2度目。ーー二人の殿下と王太子の位・3
「やっぱりケイトは誤魔化されてくれないよね」
ノクシオ殿下が苦笑する。誤魔化す気だったんです?
「ケイト。何故我等に何も言わずにコッネリの所に乗り込んだ」
低く怒りが伝わってくるドナンテル殿下の声に、ようやく私は殿下方が怒っている事に気付いた。
「ご心配をおかけしました」
その怒りが心配からくるもの、ということくらい解っている。殿下方の怒りと……多分自惚れでないならば、私への友情からくる心配の気持ちと。その両方が私を此処に連れて来た理由なのでしょう。

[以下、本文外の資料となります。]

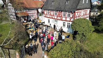 Pünktlich um 15:00 Uhr begrüßten die Bembelsänger die vielen Gäste mit "Hallo Ihr Leut". Das griff Herr Bürgermeister Jan Kraus in seiner anschließenden Eröffnungsrede dann auch auf und begann ebenfalls mit "Hallo Ihr Leut, herzlich willkommen!". Er begrüßte insbesondere Pfarrer Tim Fink, als Repräsentant der evangelischen Kirchengemeinde, die der Gemeinde Hünstetten das Pfarrhaus vermietet hat. Ebenso den ehemaligen Pfarrer Hans Hamrich und seine Frau Birgit, die es sich nicht nehmen ließen zur Eröffnung zu kommen, um zu sehen, was aus ihrem ehemaligen Wohnhaus geworden ist. Und auch der Ehrenortsvorsteher des Ortsteils Wallbach, Volker Denzer, war da und Herr Kraus führte aus, dass er gemeinsam vor vielen Jahren mit Herrn Denzer, damals noch als Gemeindevertreter, ein Heimatmuseum für Hünstetten beantragt hatte. Herr Kraus wandte sich dann mit einem Dankeschön an das ehrenamtlich tätige Museumsteam und schilderte kurz, was in den aktuellen Ausstellungen "Spuren der Vergangenheit; Zeugnisse 1914-1945", "Geschichte der Hünstetter Schulen", "Kindheit auf dem Dorf", "Schiefer / Burg Hünstetten-Wallrabenstein und Graf Walram" sowie "Michelsberger Steinzeitkultur" zu sehen und entdecken ist. Herr Kraus betonte in seinem Grußwort, dass das Heimatmuseum Hünstetten ein Ort der Begegnung für Jung und Alt sein wird und mit wechselnden zusätzlichen Angeboten einmal im Monat zu Kaffee und Kuchen und einmal zu einem gemütlichen Beisammensein "Abends im Museum" einladen wird. Der reguläre Öffnungstermin des Museum ist ab Mai 2025 immer der 3. Sonntag im Monat von 15:00 Uhr bis 18:00 Uhr. Zum Abschluss seiner Ansprache bat Herr Kraus, die vielen Gäste mit ihm und dem Museumsteam gemeinsam auf die Eröffnung des Museums mit einem Glas Sekt anzustoßen und schnitt danach das rote Band an der Haustür des Pfarrhauses gemeinsam mit der Bechtheimer Ortsvorsteherin Frauke Dietz durch. Nun begann ein fröhliches "Gewusel". Die Einen holten sich selbstgebackenen Kuchen und Kaffee vom Buffet, die Anderen wollten zuerst mal einen Blick in das Pfarrhaus werfen und schauen, was es dort zusehen und entdecken gab. Schnell füllte sich dann auch der österlich dekorierte Aufenthaltsraum im Museum. Immer wieder war zu hören: "Schön ist es hier. Wir kommen ganz bestimmt wieder!" Im Laufe des Nachmittags gab es auch noch ein Geschenk für das Heimatmuseum Hünstetten. Der Museumsverein "EINST UND JETZT e.V." aus der Nachbargemeinde Hünfelden überreichte das Buch "KIRBERG - EINST UND JETZT" und würde sich über einen zukünftigen Austausch zur Museumsarbeit freuen. Das Museumsteam bedankt sich herzlich.
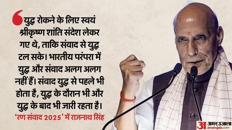 राजनाथ सिंह ने कहा कि ‘रण संवाद’ नाम ही गहन विचार का विषय है। ‘रण’ युद्ध का प्रतीक है जबकि ‘संवाद’ चर्चा और मेल मिलाप का। पहली नजर में दोनों विरोधाभासी लगते हैं, लेकिन भारतीय संस्कृति में ये दोनों साथ साथ चलते हैं। उन्होंने महाभारत का उदाहरण देते हुए कहा कि युद्ध रोकने के लिए स्वयं श्रीकृष्ण शांति संदेश लेकर गए थे, ताकि संवाद से युद्ध टल सके। रक्षा मंत्री ने कहा कि भारतीय परंपरा में युद्ध और संवाद अलग अलग नहीं हैं। संवाद युद्ध से पहले भी होता है, युद्ध के दौरान भी और युद्ध के बाद भी जारी रहता है। यही ‘रण संवाद’ का सबसे प्रासंगिक संदेश है, जो आज के समय में भी उतना ही महत्वपूर्ण है।
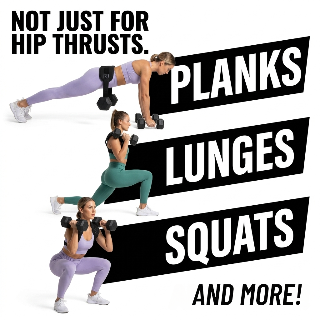Absolutely. The belt works for glute bridges, weighted squats, lunges, dips, planks, curtsy lunges, and more. Drape it across your shoulders for squats and lunges or keep it on your hips for bridges and thrusts. One belt replaces multiple pieces of equipment.
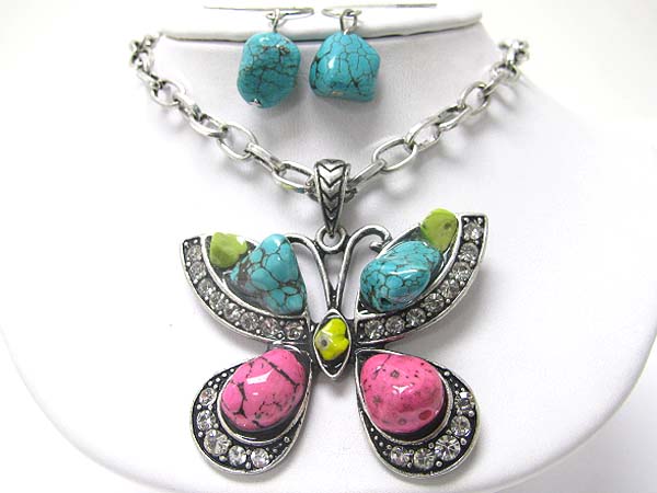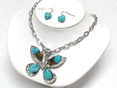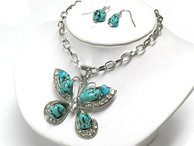 WHOLESALE TURQUOISE AND NATURAL MATERIAL BUTTERFLY NECKLACE AND EARRING SET 338889

だから誠意を見せるようにゆっくりと頭を下げて殿下方のお声がけを待つ。
「いいよ。顔を上げて」
ノクシオ殿下の声で顔を上げれば2人共……泣きそうな顔だった。なんで?
「なんで泣きそうなんですか」
「不甲斐ないじゃないか。俺とノクシオがどうにかする事を何も出来なかった上に、惚れた女が一人で敵地に乗り込んで行くのを聞かされた身になってみろ」
「本当にね。僕達が賓客の対応に追われて身動きが取れない間に、好きな女性が、僕達兄弟の敵を相手にするなんて聞かされた身になって欲しいね。挙げ句、全てを君一人で片付けて来てさ。僕達立つ瀬が無いと思わない?」
ドナンテル殿下とノクシオ殿下に口々に言われるが、ええとさっきから変な単語が出て来てませんか?
惚れた女、だの、好きな女性、だの。
誰が誰に惚れてるんです?
「「ケイトは理解していないな」」
また2人が一緒に口にして。
「ケイト。俺とノクシオは伴侶に迎えたいとケイトリン・セイスルートに対して思っている。俺でもノクシオでもどちらでも構わん。……まぁ出来れば俺の伴侶になって欲しいが」
「やだなぁ。僕の伴侶に決まってるでしょ。僕達の伴侶って事は、当然王子妃か王太子妃になるわけだけど。君は幸いな事に1度目の人生で王子妃教育を受けているみたいだし、忘れている事があっても覚えるのに苦労はしないだろうし」
「……本気ですか?」
私が唖然としつつ言えば、2人が苦笑する。
「結構俺もノクシオも分かり易くケイトにアピールしていたぞ」
「それなのにケイトは全てスルー」
ええと……それはすみませんでした。
「お気持ちは有り難いですが、ごめんなさい。どちらを選ぶ事も有りません。私は好きな方が居ますし、殿下方の事は友人であっても伴侶になりたいとは思えません。たとえ友人のままで良くても」
スッパリお断りすれば「「まぁそうだと思っていた」」と納得された。
「解っていても言いたかっただけだ」
「ケイトに振られたら、その時はスッパリ諦めて僕達が相性が良さそうだと思った婚約者候補者達の中から、一番相性が良さそうな相手を婚約者にするって決めたから、こっちの事は心配しなくていい」
ドナンテル殿下もノクシオ殿下もどこか寂しそうに、それでいてサッパリした顔で私に笑いかけた。私も苦笑しながら殿下方の筆頭婚約者候補者の座を下りる事に、ようやく肩の荷が下りた思いがする。
「良い方が見つかる事をお祈りします」
「「ああ」」
私の言葉に2人が苦く笑って。
「報告は受けたけれど、ケイトにも聞きたい事がある」
ノクシオ殿下が表情を変えて切り出した。私も気持ちを切り替えて頷く。コッネリ公爵とのやり取りを聞きたいのだろう。クルスも私達のやり取りを全部知っているわけじゃない。コッネリ公爵と私の話は、私しか知らないのだから。